Inovação e Redações: uma equação de difícil solução

Pedro Sigaud Sellos
Farol Jornalismo
Published in
8 min readOct 21, 2015

Todos os que de certa forma estamos envolvidos na indústria da mídia –jornalistas ou não– presenciamos nos últimos anos um cenário desanimador do ponto de vista dos produtores de conteúdo. A forte crise no setor se agrava a cada ano por um conjunto de fatores:

1.Queda na circulação dos jornais e do número de assinantes, por conta do surgimento de novos canais e de uma nova cultura digital (notícias na internet, redes sociais, YouTube, NetFlix, Google, Spotify, BuzzFeed) que consomem o tempo antes dedicado em sua maior parte à leitura do impresso;

2.Diminuição de receita vinda dos anunciantes e extinção das páginas de classificados: o crescimento da cultura digital levou grande parte dos anunciantes a preferirem os sites às mídias impressas. Os preços expressivamente mais baratos para anunciar na web, aliada à promessa de maior visibilidade por parte dos consumidores, ganham no momento de se escolher entre anunciar em espaços impressos ou digitais. Os anúncios classificados –antes uma parte fundamental do tripé que sustentava o modelo de negócio dos jornais– deixam de ter sentido ao surgirem serviços digitais como Craigslist , Monster, Zap Imóveis e WebMotors são alguns exemplos de serviços que oferecem melhores resultados que o antigo modelo de classificados dos jornais. Grátis.
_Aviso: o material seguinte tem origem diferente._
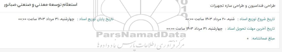 تاریخ پایان توزیع اسناد: چهارشنبه 31 مرداد 1403 ساعت 00:00
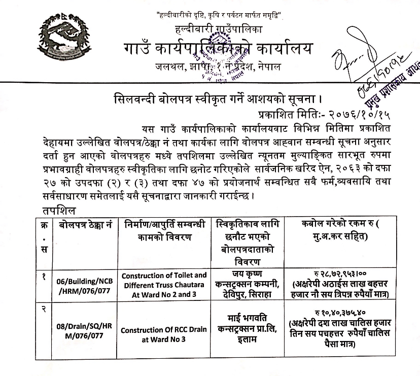 ठेक्का नं 06/Building/NCB/HRM/076/077 र 08/Drain/SQ/HRM/076/077 काे बाेलपत्र स्विकृत गर्ने आशयकाे सुचना

3.Criação de um círculo vicioso devido à combinação dos itens 1 e 2, em que a queda no número de leitores leva a um término do monopólio das audiências de massa, o que por sua vez reduz drasticamente o valor do espaço publicitário. Esse declive financeiro explica a necessidade das empresas de reduzir as equipes de jornalismo. Esse fenômeno de demissões crescentes nos jornais afeta diretamente o ‘core business’ das empresas, impedindo-as de produzirem conteúdos na mesma quantidade e qualidade de antes. O professor da Harvard Business School, Ranjay Gulati, chefe do departamento de comportamento organizacional, utiliza uma expressão forte, mas ilustrativa para esse tipo de situação: “é a estratégia do vaso sanitário, em que tudo vai por água abaixo.”

Ocorre que, diante deste cenário, contemplamos muitas vezes com perplexidade os fatores externos, sem olhar para os elementos internos das organizações que podem estar contribuindo para o agravo da crise. Há algo que poderia ser feito pelas empresas para reverter esse cenário? A resposta não é fácil. Sem dúvida, parece que algumas das funções essenciais do jornalismo como a de coletar informações, comprovar os fatos, ordená-los e divulgá-los com autoridade e de forma objetiva, acrescentando ainda análise aprofundada de especialistas sobre os principais acontecimentos do mundo, ainda possui alta demanda por parte da sociedade, fazendo da atividade jornalística algo extremamente necessário para a saúde democrática de um país. Como então promover mudanças internas, reposicionando as empresas de mídia como alternativas atraentes para as audiências de hoje?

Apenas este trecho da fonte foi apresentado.